* _Task inputs_

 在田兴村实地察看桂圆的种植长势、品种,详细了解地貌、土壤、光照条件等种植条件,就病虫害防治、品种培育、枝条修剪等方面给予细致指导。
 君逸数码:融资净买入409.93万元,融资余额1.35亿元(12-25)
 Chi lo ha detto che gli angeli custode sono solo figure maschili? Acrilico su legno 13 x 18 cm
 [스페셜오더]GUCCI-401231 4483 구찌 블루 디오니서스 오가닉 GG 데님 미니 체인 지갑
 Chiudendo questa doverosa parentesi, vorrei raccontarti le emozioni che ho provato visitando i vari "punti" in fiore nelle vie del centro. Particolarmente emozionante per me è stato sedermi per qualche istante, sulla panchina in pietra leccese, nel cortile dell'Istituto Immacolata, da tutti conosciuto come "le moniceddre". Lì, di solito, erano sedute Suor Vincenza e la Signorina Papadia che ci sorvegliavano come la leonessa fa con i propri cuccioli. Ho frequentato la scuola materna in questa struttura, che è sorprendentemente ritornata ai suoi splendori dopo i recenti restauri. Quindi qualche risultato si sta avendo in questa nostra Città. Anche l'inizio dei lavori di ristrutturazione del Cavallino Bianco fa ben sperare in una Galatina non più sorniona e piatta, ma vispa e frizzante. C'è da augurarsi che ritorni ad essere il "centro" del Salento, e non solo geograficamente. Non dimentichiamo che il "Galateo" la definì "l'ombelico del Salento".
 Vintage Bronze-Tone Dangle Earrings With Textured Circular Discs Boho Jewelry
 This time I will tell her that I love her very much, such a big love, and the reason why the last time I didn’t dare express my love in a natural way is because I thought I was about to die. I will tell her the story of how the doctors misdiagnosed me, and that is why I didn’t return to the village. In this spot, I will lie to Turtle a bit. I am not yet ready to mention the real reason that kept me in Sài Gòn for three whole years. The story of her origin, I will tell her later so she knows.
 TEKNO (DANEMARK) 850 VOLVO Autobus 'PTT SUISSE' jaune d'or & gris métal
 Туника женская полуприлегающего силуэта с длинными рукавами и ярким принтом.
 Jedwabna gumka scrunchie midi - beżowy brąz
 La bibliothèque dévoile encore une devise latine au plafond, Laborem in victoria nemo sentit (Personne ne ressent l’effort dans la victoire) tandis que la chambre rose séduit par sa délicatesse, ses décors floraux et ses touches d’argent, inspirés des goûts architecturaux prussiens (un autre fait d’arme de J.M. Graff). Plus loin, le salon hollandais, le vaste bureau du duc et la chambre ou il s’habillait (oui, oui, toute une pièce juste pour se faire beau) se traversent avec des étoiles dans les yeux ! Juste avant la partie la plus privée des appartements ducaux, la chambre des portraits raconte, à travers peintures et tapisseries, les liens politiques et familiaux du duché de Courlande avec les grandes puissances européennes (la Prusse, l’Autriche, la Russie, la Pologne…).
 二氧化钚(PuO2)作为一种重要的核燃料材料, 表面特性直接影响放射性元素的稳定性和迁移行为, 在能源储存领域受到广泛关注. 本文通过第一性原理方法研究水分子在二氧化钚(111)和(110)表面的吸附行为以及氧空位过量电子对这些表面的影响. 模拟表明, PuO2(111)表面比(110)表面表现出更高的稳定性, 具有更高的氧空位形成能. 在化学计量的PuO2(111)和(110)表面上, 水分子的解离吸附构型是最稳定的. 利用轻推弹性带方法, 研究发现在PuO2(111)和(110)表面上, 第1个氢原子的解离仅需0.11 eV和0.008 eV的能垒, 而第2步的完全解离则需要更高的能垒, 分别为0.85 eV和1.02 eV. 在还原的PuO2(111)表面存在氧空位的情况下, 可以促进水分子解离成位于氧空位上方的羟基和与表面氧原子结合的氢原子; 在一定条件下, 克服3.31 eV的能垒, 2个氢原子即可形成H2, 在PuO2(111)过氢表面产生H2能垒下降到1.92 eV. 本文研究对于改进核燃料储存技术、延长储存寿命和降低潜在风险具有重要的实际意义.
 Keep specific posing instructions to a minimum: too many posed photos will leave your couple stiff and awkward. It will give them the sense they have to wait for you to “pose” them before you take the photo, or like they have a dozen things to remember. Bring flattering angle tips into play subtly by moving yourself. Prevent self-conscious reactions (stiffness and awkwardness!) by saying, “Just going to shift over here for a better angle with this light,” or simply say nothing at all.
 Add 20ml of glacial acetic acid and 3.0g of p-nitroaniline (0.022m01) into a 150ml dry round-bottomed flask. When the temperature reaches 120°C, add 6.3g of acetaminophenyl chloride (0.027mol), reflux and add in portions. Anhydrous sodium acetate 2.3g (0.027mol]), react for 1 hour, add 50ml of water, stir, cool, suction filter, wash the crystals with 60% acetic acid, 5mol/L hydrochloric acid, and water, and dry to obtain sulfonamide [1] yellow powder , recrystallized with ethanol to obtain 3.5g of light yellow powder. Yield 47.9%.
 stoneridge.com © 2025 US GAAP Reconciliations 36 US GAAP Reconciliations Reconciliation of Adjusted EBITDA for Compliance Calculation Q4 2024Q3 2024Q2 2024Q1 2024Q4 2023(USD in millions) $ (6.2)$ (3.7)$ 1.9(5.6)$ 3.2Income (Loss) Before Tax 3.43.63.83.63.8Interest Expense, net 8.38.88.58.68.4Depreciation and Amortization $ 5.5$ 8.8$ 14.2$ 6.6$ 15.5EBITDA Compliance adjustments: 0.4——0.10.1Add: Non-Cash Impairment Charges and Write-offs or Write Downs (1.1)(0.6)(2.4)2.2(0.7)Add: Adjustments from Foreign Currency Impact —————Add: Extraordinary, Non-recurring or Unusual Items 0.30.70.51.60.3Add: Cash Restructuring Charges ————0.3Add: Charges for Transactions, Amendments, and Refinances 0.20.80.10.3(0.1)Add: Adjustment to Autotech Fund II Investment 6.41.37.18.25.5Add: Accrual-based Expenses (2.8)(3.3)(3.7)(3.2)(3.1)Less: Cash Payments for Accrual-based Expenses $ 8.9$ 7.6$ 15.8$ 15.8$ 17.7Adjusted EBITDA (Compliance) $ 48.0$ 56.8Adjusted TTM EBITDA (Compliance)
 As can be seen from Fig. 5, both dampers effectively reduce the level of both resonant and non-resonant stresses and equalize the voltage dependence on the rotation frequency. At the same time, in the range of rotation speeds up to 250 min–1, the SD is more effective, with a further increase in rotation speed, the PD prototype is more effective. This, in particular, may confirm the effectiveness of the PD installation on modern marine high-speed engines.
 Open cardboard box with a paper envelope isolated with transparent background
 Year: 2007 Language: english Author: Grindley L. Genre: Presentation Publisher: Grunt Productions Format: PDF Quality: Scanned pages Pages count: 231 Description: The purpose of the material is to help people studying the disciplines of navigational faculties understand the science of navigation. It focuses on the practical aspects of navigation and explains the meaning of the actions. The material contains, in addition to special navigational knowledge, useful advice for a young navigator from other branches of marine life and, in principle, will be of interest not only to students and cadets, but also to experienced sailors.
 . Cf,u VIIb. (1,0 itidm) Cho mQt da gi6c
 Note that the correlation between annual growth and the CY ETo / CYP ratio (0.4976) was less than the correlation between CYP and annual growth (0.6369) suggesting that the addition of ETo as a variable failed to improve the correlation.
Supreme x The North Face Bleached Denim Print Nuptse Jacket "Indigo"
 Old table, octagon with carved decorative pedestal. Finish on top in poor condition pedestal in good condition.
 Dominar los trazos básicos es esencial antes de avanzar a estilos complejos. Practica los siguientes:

* _Problem statement_
Print again each line of the listing above, exactly as it appears.

* _Answer to this task_
 在田兴村实地察看桂圆的种植长势、品种,详细了解地貌、土壤、光照条件等种植条件,就病虫害防治、品种培育、枝条修剪等方面给予细致指导。
 君逸数码:融资净买入409.93万元,融资余额1.35亿元(12-25)
 Chi lo ha detto che gli angeli custode sono solo figure maschili? Acrilico su legno 13 x 18 cm
 [스페셜오더]GUCCI-401231 4483 구찌 블루 디오니서스 오가닉 GG 데님 미니 체인 지갑
 Chiudendo questa doverosa parentesi, vorrei raccontarti le emozioni che ho provato visitando i vari "punti" in fiore nelle vie del centro. Particolarmente emozionante per me è stato sedermi per qualche istante, sulla panchina in pietra leccese, nel cortile dell'Istituto Immacolata, da tutti conosciuto come "le moniceddre". Lì, di solito, erano sedute Suor Vincenza e la Signorina Papadia che ci sorvegliavano come la leonessa fa con i propri cuccioli. Ho frequentato la scuola materna in questa struttura, che è sorprendentemente ritornata ai suoi splendori dopo i recenti restauri. Quindi qualche risultato si sta avendo in questa nostra Città. Anche l'inizio dei lavori di ristrutturazione del Cavallino Bianco fa ben sperare in una Galatina non più sorniona e piatta, ma vispa e frizzante. C'è da augurarsi che ritorni ad essere il "centro" del Salento, e non solo geograficamente. Non dimentichiamo che il "Galateo" la definì "l'ombelico del Salento".
 Vintage Bronze-Tone Dangle Earrings With Textured Circular Discs Boho Jewelry
 This time I will tell her that I love her very much, such a big love, and the reason why the last time I didn’t dare express my love in a natural way is because I thought I was about to die. I will tell her the story of how the doctors misdiagnosed me, and that is why I didn’t return to the village. In this spot, I will lie to Turtle a bit. I am not yet ready to mention the real reason that kept me in Sài Gòn for three whole years. The story of her origin, I will tell her later so she knows.
 TEKNO (DANEMARK) 850 VOLVO Autobus 'PTT SUISSE' jaune d'or & gris métal
 Туника женская полуприлегающего силуэта с длинными рукавами и ярким принтом.
 Jedwabna gumka scrunchie midi - beżowy brąz
 La bibliothèque dévoile encore une devise latine au plafond, Laborem in victoria nemo sentit (Personne ne ressent l’effort dans la victoire) tandis que la chambre rose séduit par sa délicatesse, ses décors floraux et ses touches d’argent, inspirés des goûts architecturaux prussiens (un autre fait d’arme de J.M. Graff). Plus loin, le salon hollandais, le vaste bureau du duc et la chambre ou il s’habillait (oui, oui, toute une pièce juste pour se faire beau) se traversent avec des étoiles dans les yeux ! Juste avant la partie la plus privée des appartements ducaux, la chambre des portraits raconte, à travers peintures et tapisseries, les liens politiques et familiaux du duché de Courlande avec les grandes puissances européennes (la Prusse, l’Autriche, la Russie, la Pologne…).
 二氧化钚(PuO2)作为一种重要的核燃料材料, 表面特性直接影响放射性元素的稳定性和迁移行为, 在能源储存领域受到广泛关注. 本文通过第一性原理方法研究水分子在二氧化钚(111)和(110)表面的吸附行为以及氧空位过量电子对这些表面的影响. 模拟表明, PuO2(111)表面比(110)表面表现出更高的稳定性, 具有更高的氧空位形成能. 在化学计量的PuO2(111)和(110)表面上, 水分子的解离吸附构型是最稳定的. 利用轻推弹性带方法, 研究发现在PuO2(111)和(110)表面上, 第1个氢原子的解离仅需0.11 eV和0.008 eV的能垒, 而第2步的完全解离则需要更高的能垒, 分别为0.85 eV和1.02 eV. 在还原的PuO2(111)表面存在氧空位的情况下, 可以促进水分子解离成位于氧空位上方的羟基和与表面氧原子结合的氢原子; 在一定条件下, 克服3.31 eV的能垒, 2个氢原子即可形成H2, 在PuO2(111)过氢表面产生H2能垒下降到1.92 eV. 本文研究对于改进核燃料储存技术、延长储存寿命和降低潜在风险具有重要的实际意义.
 Keep specific posing instructions to a minimum: too many posed photos will leave your couple stiff and awkward. It will give them the sense they have to wait for you to “pose” them before you take the photo, or like they have a dozen things to remember. Bring flattering angle tips into play subtly by moving yourself. Prevent self-conscious reactions (stiffness and awkwardness!) by saying, “Just going to shift over here for a better angle with this light,” or simply say nothing at all.
 Add 20ml of glacial acetic acid and 3.0g of p-nitroaniline (0.022m01) into a 150ml dry round-bottomed flask. When the temperature reaches 120°C, add 6.3g of acetaminophenyl chloride (0.027mol), reflux and add in portions. Anhydrous sodium acetate 2.3g (0.027mol]), react for 1 hour, add 50ml of water, stir, cool, suction filter, wash the crystals with 60% acetic acid, 5mol/L hydrochloric acid, and water, and dry to obtain sulfonamide [1] yellow powder , recrystallized with ethanol to obtain 3.5g of light yellow powder. Yield 47.9%.
 stoneridge.com © 2025 US GAAP Reconciliations 36 US GAAP Reconciliations Reconciliation of Adjusted EBITDA for Compliance Calculation Q4 2024Q3 2024Q2 2024Q1 2024Q4 2023(USD in millions) $ (6.2)$ (3.7)$ 1.9(5.6)$ 3.2Income (Loss) Before Tax 3.43.63.83.63.8Interest Expense, net 8.38.88.58.68.4Depreciation and Amortization $ 5.5$ 8.8$ 14.2$ 6.6$ 15.5EBITDA Compliance adjustments: 0.4——0.10.1Add: Non-Cash Impairment Charges and Write-offs or Write Downs (1.1)(0.6)(2.4)2.2(0.7)Add: Adjustments from Foreign Currency Impact —————Add: Extraordinary, Non-recurring or Unusual Items 0.30.70.51.60.3Add: Cash Restructuring Charges ————0.3Add: Charges for Transactions, Amendments, and Refinances 0.20.80.10.3(0.1)Add: Adjustment to Autotech Fund II Investment 6.41.37.18.25.5Add: Accrual-based Expenses (2.8)(3.3)(3.7)(3.2)(3.1)Less: Cash Payments for Accrual-based Expenses $ 8.9$ 7.6$ 15.8$ 15.8$ 17.7Adjusted EBITDA (Compliance) $ 48.0$ 56.8Adjusted TTM EBITDA (Compliance)
 As can be seen from Fig. 5, both dampers effectively reduce the level of both resonant and non-resonant stresses and equalize the voltage dependence on the rotation frequency. At the same time, in the range of rotation speeds up to 250 min–1, the SD is more effective, with a further increase in rotation speed, the PD prototype is more effective. This, in particular, may confirm the effectiveness of the PD installation on modern marine high-speed engines.
 Open cardboard box with a paper envelope isolated with transparent background
 Year: 2007 Language: english Author: Grindley L. Genre: Presentation Publisher: Grunt Productions Format: PDF Quality: Scanned pages Pages count: 231 Description: The purpose of the material is to help people studying the disciplines of navigational faculties understand the science of navigation. It focuses on the practical aspects of navigation and explains the meaning of the actions. The material contains, in addition to special navigational knowledge, useful advice for a young navigator from other branches of marine life and, in principle, will be of interest not only to students and cadets, but also to experienced sailors.
 . Cf,u VIIb. (1,0 itidm) Cho mQt da gi6c
 Note that the correlation between annual growth and the CY ETo / CYP ratio (0.4976) was less than the correlation between CYP and annual growth (0.6369) suggesting that the addition of ETo as a variable failed to improve the correlation.
Supreme x The North Face Bleached Denim Print Nuptse Jacket "Indigo"
 Old table, octagon with carved decorative pedestal. Finish on top in poor condition pedestal in good condition.
 Dominar los trazos básicos es esencial antes de avanzar a estilos complejos. Practica los siguientes:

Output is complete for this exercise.